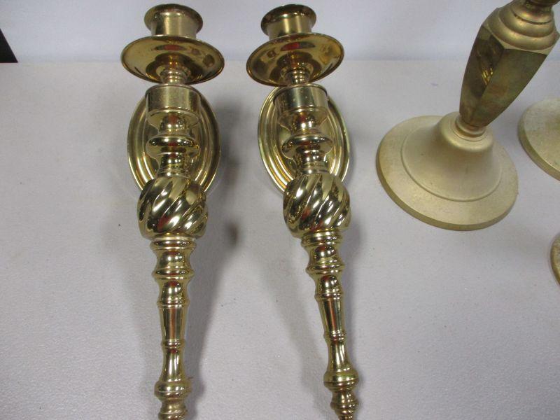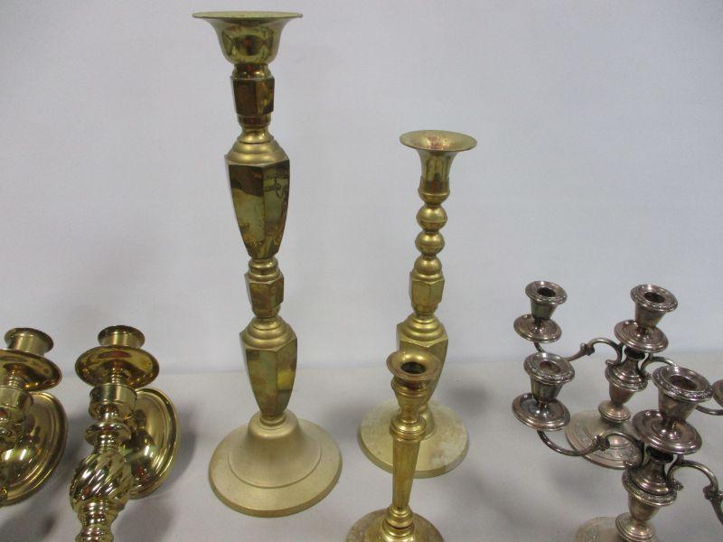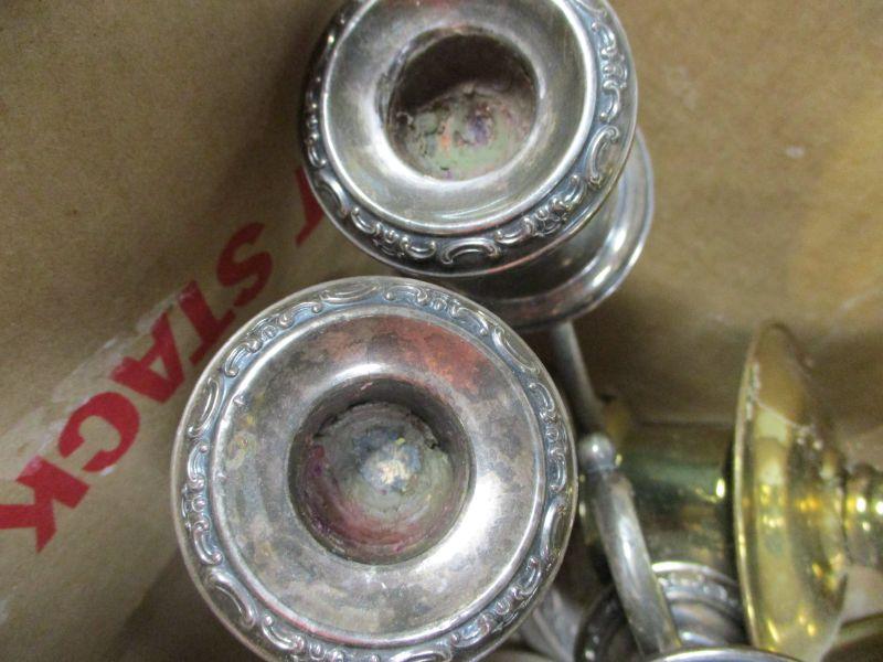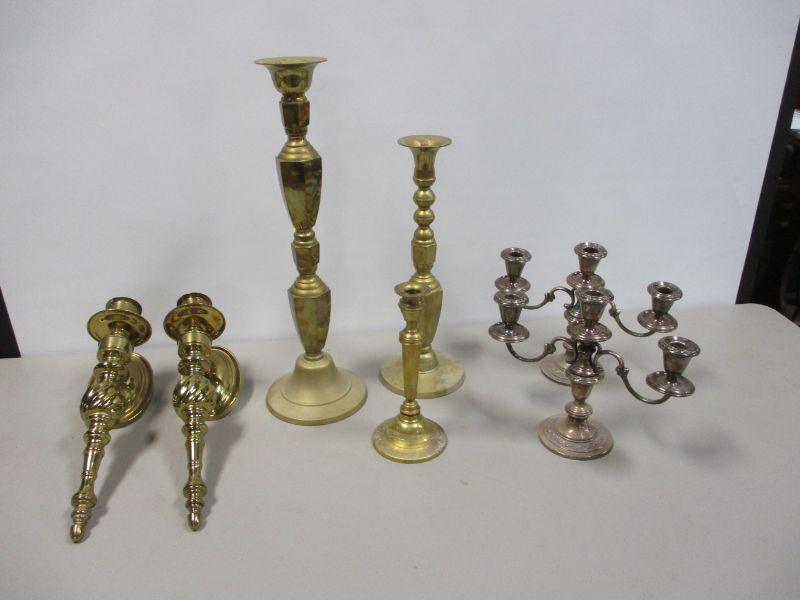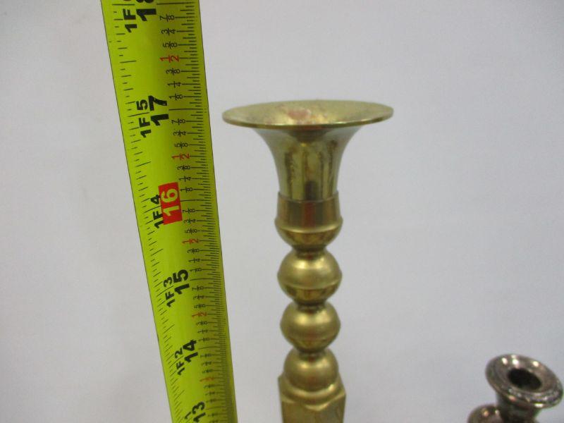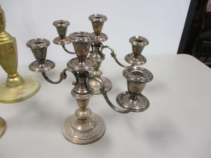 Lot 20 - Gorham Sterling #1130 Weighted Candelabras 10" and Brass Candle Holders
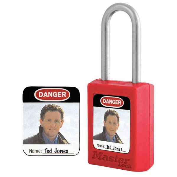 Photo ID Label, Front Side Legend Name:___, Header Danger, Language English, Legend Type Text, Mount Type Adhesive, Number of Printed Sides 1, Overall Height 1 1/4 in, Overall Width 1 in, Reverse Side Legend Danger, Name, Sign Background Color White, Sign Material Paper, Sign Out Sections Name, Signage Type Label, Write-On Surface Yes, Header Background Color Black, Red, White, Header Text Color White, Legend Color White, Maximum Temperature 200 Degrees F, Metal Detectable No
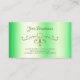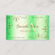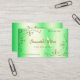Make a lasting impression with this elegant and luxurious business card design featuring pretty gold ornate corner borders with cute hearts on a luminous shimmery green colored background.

.....

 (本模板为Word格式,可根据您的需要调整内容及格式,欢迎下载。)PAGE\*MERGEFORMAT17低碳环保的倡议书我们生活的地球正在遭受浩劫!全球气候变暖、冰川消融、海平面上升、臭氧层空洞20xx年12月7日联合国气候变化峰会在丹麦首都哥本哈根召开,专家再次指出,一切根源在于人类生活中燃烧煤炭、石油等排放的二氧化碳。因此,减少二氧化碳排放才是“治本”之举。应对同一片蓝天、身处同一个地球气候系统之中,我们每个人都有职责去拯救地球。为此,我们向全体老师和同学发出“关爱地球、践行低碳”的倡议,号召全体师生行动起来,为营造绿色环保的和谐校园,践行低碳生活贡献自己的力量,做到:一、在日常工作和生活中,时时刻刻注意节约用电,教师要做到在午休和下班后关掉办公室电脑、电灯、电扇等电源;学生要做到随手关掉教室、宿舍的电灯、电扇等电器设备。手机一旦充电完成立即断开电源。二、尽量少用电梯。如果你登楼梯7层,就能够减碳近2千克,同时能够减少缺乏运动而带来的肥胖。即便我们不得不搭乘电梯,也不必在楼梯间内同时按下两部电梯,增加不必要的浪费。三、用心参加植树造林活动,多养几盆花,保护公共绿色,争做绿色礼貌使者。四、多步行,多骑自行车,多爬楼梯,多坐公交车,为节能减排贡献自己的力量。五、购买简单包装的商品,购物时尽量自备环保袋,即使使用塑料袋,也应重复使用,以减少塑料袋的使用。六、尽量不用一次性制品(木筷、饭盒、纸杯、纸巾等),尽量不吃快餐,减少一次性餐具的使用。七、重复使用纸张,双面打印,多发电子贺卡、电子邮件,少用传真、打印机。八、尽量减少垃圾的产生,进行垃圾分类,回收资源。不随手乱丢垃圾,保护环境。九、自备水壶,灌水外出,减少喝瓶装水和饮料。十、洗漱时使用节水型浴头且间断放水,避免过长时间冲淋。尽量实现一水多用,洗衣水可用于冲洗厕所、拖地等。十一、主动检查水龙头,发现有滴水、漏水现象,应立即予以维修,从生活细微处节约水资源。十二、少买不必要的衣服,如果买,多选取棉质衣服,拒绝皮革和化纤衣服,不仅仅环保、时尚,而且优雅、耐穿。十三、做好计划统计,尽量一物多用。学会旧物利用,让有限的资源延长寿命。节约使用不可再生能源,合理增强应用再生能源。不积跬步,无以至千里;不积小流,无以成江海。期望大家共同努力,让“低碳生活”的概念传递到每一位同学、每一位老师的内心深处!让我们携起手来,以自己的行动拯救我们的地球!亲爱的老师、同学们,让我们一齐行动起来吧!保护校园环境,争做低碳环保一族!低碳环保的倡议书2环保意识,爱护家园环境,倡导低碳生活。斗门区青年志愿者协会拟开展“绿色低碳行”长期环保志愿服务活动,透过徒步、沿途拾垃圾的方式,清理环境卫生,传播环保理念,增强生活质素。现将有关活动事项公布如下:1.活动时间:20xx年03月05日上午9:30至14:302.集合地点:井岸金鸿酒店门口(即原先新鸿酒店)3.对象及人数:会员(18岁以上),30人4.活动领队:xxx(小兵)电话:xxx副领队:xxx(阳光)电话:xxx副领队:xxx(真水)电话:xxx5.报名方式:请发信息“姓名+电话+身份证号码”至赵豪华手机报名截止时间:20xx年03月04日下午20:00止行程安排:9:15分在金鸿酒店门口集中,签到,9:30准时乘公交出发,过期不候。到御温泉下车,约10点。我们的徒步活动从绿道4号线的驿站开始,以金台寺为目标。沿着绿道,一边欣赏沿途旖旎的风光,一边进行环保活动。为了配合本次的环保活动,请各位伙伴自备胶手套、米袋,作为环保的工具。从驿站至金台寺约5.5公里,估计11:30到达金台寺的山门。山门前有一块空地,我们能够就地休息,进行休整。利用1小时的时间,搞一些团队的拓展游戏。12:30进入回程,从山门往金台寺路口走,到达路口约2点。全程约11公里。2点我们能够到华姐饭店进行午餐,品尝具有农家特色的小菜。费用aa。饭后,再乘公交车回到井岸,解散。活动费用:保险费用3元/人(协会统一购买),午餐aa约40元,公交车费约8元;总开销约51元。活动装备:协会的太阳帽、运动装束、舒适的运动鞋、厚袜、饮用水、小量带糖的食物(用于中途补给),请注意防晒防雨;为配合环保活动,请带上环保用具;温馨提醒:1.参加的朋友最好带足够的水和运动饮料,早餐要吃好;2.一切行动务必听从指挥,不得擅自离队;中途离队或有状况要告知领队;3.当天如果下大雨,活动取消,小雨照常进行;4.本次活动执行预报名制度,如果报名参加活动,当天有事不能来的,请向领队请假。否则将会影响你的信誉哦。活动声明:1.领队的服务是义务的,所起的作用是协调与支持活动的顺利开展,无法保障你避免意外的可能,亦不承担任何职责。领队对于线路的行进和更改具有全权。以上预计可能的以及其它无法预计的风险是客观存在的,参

.....

• _Work task_
Range to copy from the listing above: the line containing "Lot 20 - Gorham" down to the line containing "Make a lasting", both included. Reproduce it exactly, minus the pictures, and add nothing.

• _Answer below_
 Lot 20 - Gorham Sterling #1130 Weighted Candelabras 10" and Brass Candle Holders
 Photo ID Label, Front Side Legend Name:___, Header Danger, Language English, Legend Type Text, Mount Type Adhesive, Number of Printed Sides 1, Overall Height 1 1/4 in, Overall Width 1 in, Reverse Side Legend Danger, Name, Sign Background Color White, Sign Material Paper, Sign Out Sections Name, Signage Type Label, Write-On Surface Yes, Header Background Color Black, Red, White, Header Text Color White, Legend Color White, Maximum Temperature 200 Degrees F, Metal Detectable No
Make a lasting impression with this elegant and luxurious business card design featuring pretty gold ornate corner borders with cute hearts on a luminous shimmery green colored background.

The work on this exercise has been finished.